While it is clear that high blood cholesterol leads to development of coronary heart disease, some people with that disorder have average or low cholesterol levels, a situation that has long puzzled researchers. A number of studies have investigated whether various infectious agents may play a role in the development of atherosclerosis. An NIH special panel reported on preliminary evidence linking the bacterial agent Chlamydia pneumoniae and one of the herpes viruses, cytomegalovirus, to the development of artery disease in 1997. Now a report from Europe seems to have found another connection.

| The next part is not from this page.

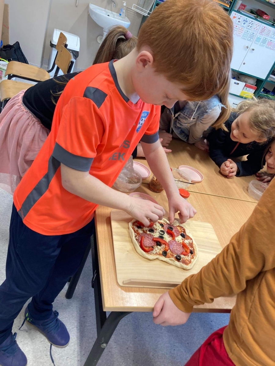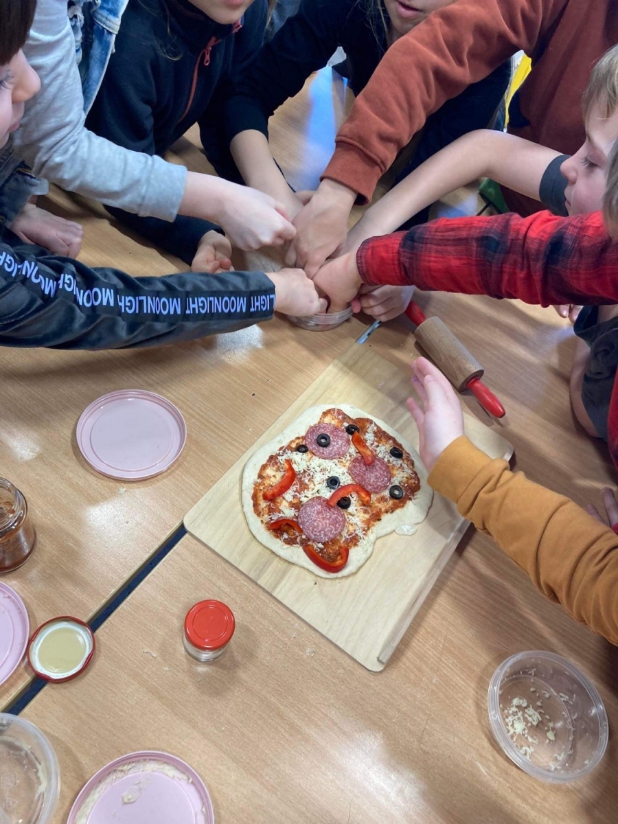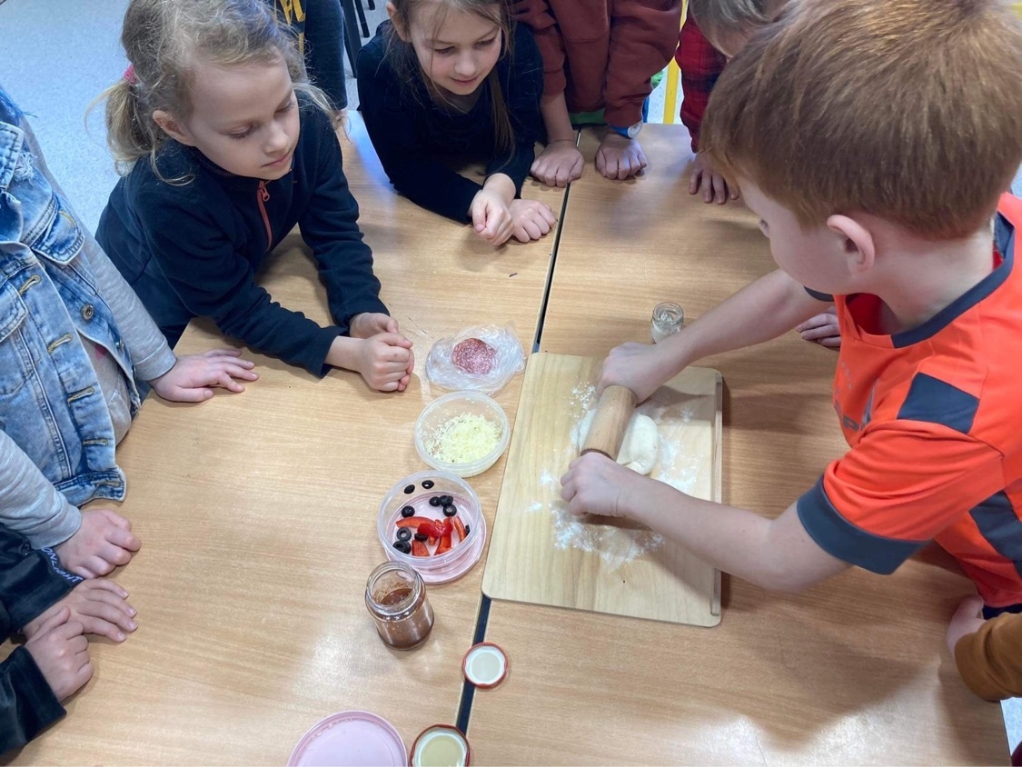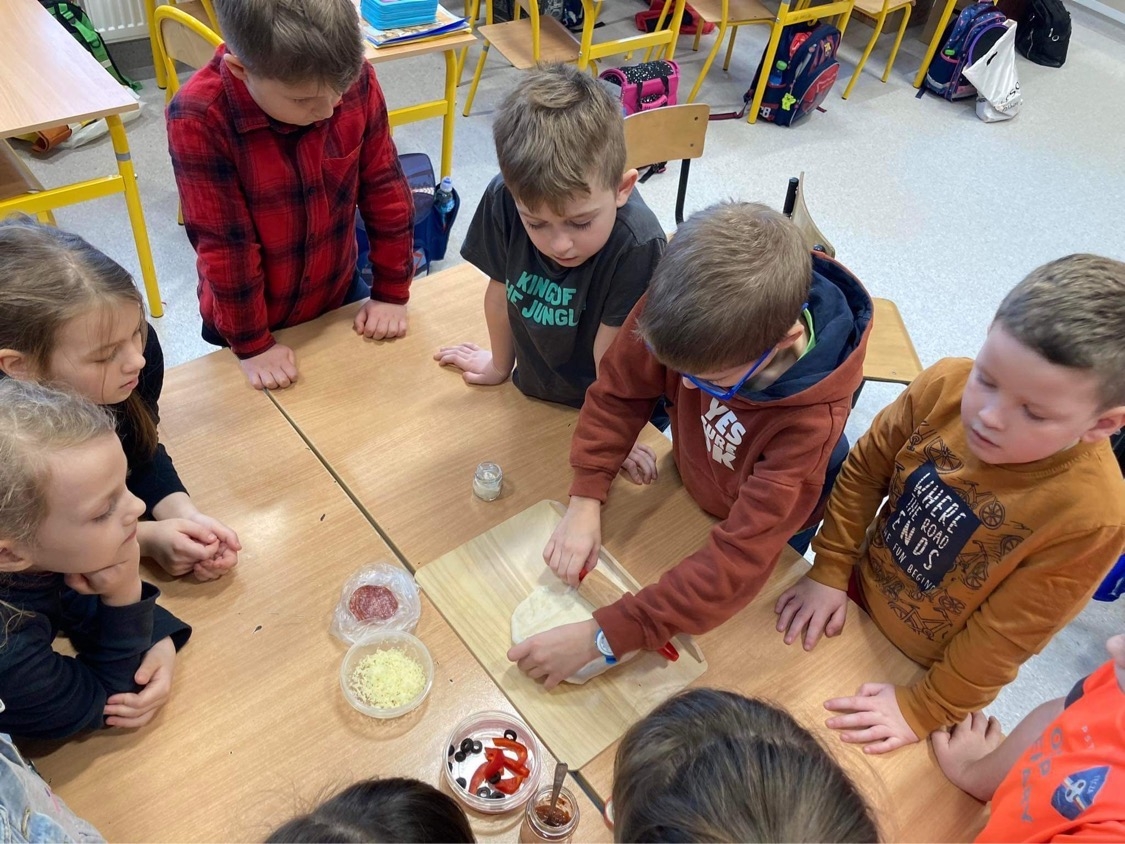 W ramach projektu „English Special Days” uczniowie klasy 1 zajęli się przygotowywaniem pizzy. Dzieci najpierw poznały słownictwo związane z produktami spożywczymi i czynnościami związanymi z przygotowaniem pizzy. Po zaśpiewaniu piosenki zabraliśmy się do wałkowania ciasta i układania poszczególnych składników. Efekt końcowy był pachnący i wyglądał na prawdę apetycznie.

Tracking 826 patients with atherosclerosis over a 5-year period, researchers found that the presence of chronic respiratory, urinary tract, dental, and other infections amplified the risk of hardening of the carotid arteries. The association was strongest in those people with no carotid atherosclerosis at the baseline measurement. In those people with chronic infections, the risk was highest in those who had a prominent inflammatory response. The researchers call their data "solid evidence" for a role of common chronic infections in development of arterial disease, perhaps through systemic inflammation and autoimmunity.

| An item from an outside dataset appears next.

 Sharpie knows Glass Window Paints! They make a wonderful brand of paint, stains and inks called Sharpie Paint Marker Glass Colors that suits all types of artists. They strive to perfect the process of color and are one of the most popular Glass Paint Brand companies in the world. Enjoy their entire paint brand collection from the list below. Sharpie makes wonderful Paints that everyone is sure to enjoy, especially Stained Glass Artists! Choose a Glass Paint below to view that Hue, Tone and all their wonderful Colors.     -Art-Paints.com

Findings such as these open new avenues for prevention and treatment. That is what happened to ulcer disease in the 1990s: long thought to have been the result of excess production of gastric acid, it turns out that peptic ulcers are caused by bacteria. Treatment of the bacteria has eliminated many long-term treatment regimens and special diets for people with ulcers.

Sources:

• Kiechl S, Egger G, Mayr M, et al. Chronic infections and the risk of carotid atherosclerosis. Circulation 2001;103:1064. (Abs.)
• Libby P, Egan D, Skarlatos S. Roles of infectious agents in atherosclerosis and restenosis. Circulation 1997;96:4094-4103.